YOUR INSTRUCTIONS: Please set down only the lines below starting with the line with "УШМ-230/2300, 2300 Вт |" and going on through the line with "Small container to", verbatim and without pictures.

DATA SUPPLIED:
───
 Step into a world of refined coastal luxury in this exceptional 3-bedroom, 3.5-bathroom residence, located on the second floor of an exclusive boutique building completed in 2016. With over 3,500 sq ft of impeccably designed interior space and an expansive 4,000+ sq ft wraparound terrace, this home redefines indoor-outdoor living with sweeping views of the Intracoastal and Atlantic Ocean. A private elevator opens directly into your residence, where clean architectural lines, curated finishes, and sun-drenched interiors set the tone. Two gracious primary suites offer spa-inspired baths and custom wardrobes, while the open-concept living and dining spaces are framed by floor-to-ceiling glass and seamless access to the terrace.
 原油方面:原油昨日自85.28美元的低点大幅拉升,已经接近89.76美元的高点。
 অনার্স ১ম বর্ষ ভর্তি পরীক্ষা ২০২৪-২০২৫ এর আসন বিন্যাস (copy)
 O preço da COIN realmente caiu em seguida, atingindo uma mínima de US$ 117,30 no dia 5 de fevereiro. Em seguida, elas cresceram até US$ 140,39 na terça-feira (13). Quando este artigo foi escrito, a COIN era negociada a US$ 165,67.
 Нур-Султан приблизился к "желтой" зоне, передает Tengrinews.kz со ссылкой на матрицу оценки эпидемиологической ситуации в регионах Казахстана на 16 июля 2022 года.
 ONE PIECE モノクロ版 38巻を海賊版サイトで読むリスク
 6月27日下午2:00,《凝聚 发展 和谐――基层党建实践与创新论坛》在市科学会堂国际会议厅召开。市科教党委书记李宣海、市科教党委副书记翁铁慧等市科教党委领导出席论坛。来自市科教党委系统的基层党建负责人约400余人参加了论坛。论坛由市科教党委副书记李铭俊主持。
───
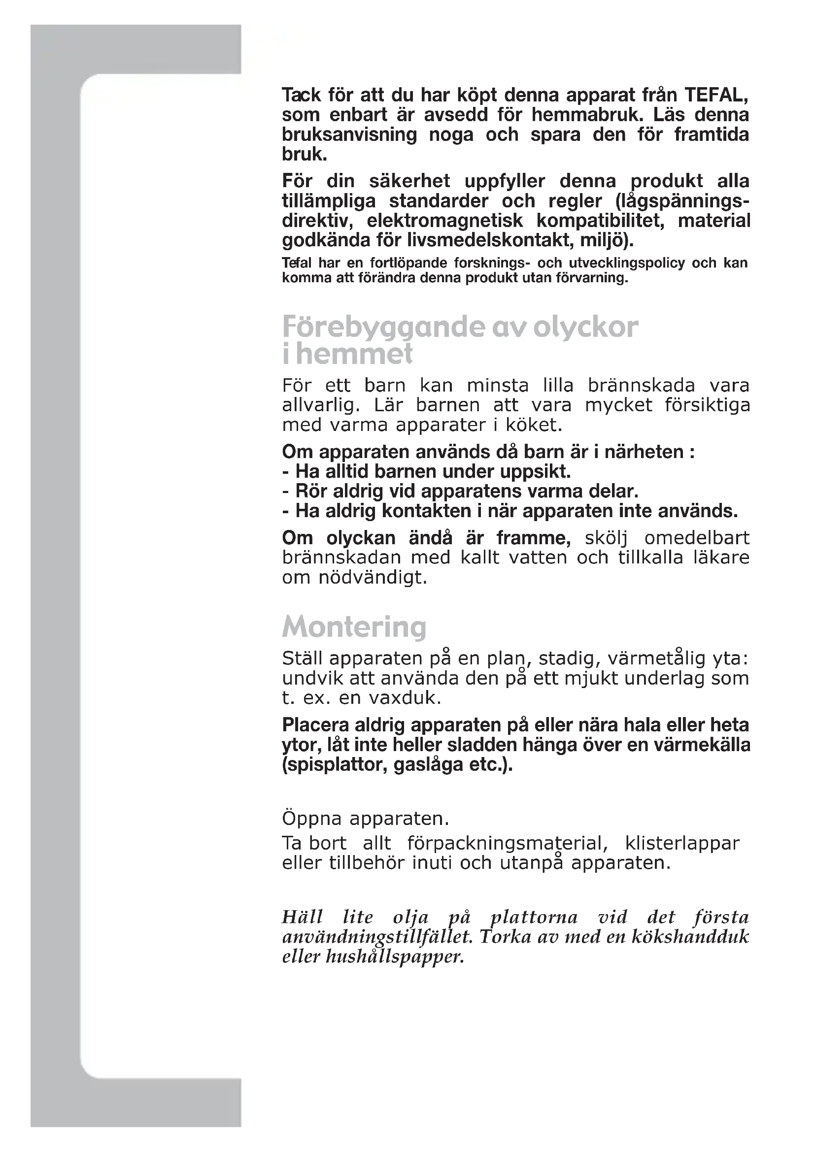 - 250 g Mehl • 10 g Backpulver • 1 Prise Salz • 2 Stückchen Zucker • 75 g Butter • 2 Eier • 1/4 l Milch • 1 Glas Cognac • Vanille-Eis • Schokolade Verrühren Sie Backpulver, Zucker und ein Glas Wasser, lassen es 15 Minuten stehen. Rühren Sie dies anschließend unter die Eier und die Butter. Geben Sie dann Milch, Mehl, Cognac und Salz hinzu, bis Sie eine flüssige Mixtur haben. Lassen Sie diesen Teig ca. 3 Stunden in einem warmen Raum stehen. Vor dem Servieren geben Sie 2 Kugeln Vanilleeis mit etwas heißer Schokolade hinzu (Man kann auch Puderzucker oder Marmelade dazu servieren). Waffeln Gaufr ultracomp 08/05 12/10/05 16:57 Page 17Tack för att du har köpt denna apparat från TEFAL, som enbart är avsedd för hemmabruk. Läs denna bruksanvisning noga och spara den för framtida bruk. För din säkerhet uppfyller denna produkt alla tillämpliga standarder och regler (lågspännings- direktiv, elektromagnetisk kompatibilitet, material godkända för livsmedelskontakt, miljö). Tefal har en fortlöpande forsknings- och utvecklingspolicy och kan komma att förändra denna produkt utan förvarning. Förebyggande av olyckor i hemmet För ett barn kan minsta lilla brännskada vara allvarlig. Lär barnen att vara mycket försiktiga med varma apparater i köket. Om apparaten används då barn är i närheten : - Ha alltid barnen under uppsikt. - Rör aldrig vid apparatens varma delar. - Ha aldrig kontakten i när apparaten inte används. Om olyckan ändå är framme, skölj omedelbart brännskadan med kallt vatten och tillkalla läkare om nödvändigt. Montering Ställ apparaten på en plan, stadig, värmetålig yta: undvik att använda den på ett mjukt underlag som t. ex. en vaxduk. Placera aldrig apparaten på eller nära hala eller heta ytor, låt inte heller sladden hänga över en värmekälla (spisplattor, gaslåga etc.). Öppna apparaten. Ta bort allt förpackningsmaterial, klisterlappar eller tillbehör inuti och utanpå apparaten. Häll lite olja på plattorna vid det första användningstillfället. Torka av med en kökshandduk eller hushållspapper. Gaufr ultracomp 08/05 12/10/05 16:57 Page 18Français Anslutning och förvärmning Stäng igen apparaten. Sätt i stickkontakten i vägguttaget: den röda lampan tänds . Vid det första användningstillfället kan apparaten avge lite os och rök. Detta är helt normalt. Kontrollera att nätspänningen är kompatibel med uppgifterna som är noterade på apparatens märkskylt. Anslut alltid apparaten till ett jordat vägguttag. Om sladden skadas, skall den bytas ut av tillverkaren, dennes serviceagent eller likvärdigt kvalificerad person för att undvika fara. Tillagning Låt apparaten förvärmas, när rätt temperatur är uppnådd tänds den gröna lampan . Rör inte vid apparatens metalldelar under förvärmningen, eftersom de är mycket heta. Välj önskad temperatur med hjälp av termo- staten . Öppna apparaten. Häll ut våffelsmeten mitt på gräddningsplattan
───
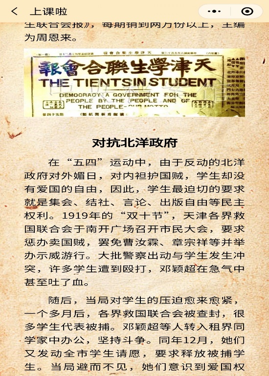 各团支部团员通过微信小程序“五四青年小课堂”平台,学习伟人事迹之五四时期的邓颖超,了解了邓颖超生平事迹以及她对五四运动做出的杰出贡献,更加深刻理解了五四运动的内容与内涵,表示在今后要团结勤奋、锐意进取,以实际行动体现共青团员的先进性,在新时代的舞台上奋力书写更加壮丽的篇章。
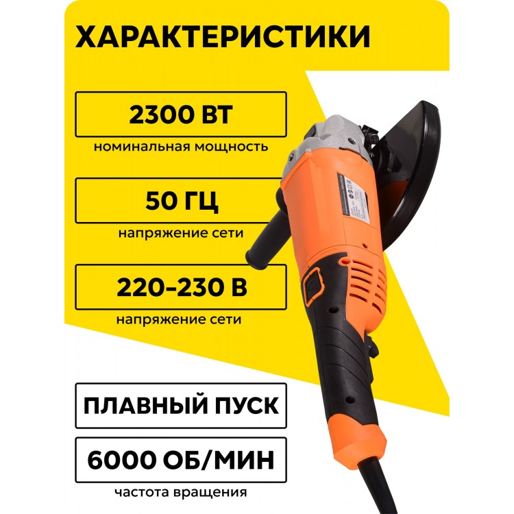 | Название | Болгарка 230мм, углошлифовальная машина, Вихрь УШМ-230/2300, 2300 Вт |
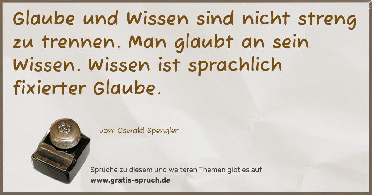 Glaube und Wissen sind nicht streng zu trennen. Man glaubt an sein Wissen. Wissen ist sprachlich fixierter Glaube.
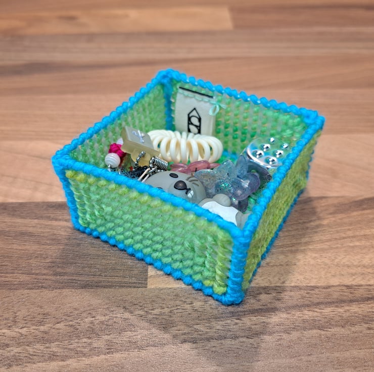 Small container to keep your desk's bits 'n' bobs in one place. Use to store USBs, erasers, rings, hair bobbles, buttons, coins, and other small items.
───
PROBLEM SOLUTION:
 | Название | Болгарка 230мм, углошлифовальная машина, Вихрь УШМ-230/2300, 2300 Вт |
 Glaube und Wissen sind nicht streng zu trennen. Man glaubt an sein Wissen. Wissen ist sprachlich fixierter Glaube.
 Small container to keep your desk's bits 'n' bobs in one place. Use to store USBs, erasers, rings, hair bobbles, buttons, coins, and other small items.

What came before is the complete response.